Фотограф смерти - Лесина Екатерина (читать бесплатно книги без сокращений txt) 📗
Снова пришлось сплюнуть. Не удержавшись, он глянул в зеркало. Десны кровили, и куда сильнее обычного. И дрожь вернулась. Не сейчас. Ему нужны его руки. Придется ждать. Дергающиеся пальцы не в состоянии были удержать черенок метлы. И крыса зашипела.
– Мне это тоже не по вкусу. Но ничего не поделаешь. Ничего… Смерть играет нечестно. Она говорит, что придет за мной. Я готов.
Он больше не сплевывал, но слюна текла по подбородку, оседая в двухдневной щетине кровяными сгустками.
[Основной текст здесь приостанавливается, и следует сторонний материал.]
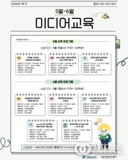또한, 학기제 교육 프로그램으로는 5월 ▲취미로 시작하는 이모티콘 제작 클래스 ▲IMac 활용 : 애프터이펙트, 모션그래픽 맛보기 등 디자인 중심 교육이 개설되며, 6월에는 ▲썸네일부터 영상까지 캔바로 끝내기! ▲액션캠으로 담아보는 내 일상 등 1인 미디어를 주제로 한 교육을 개설한다. 월별 프로그램 접수일과 프로그램별 수강료가 상이하므로 사전 확인이 필요하다. 미디어 교육 프로그램에 관한 상세 정보 및 교육 신청은 수원시미디어센터 홈페이지를 통해 확인할 수 있다.

– Тогда я просто хотел, чтобы все по-настоящему. Моя Илона… Первый и единственный снимок. Я не умел работать, а она не стала бы смеяться, если бы у меня не получилось. Но у меня получилось. Это было великолепно! Неописуемо! Я вот этими вот руками делал все, как делали Дагер и Ньепс, как делали другие, кто только-только открыл для себя новое искусство. Оно ведь было искусством, а не забавным времяпровождением… Золота больше, чем пустой породы.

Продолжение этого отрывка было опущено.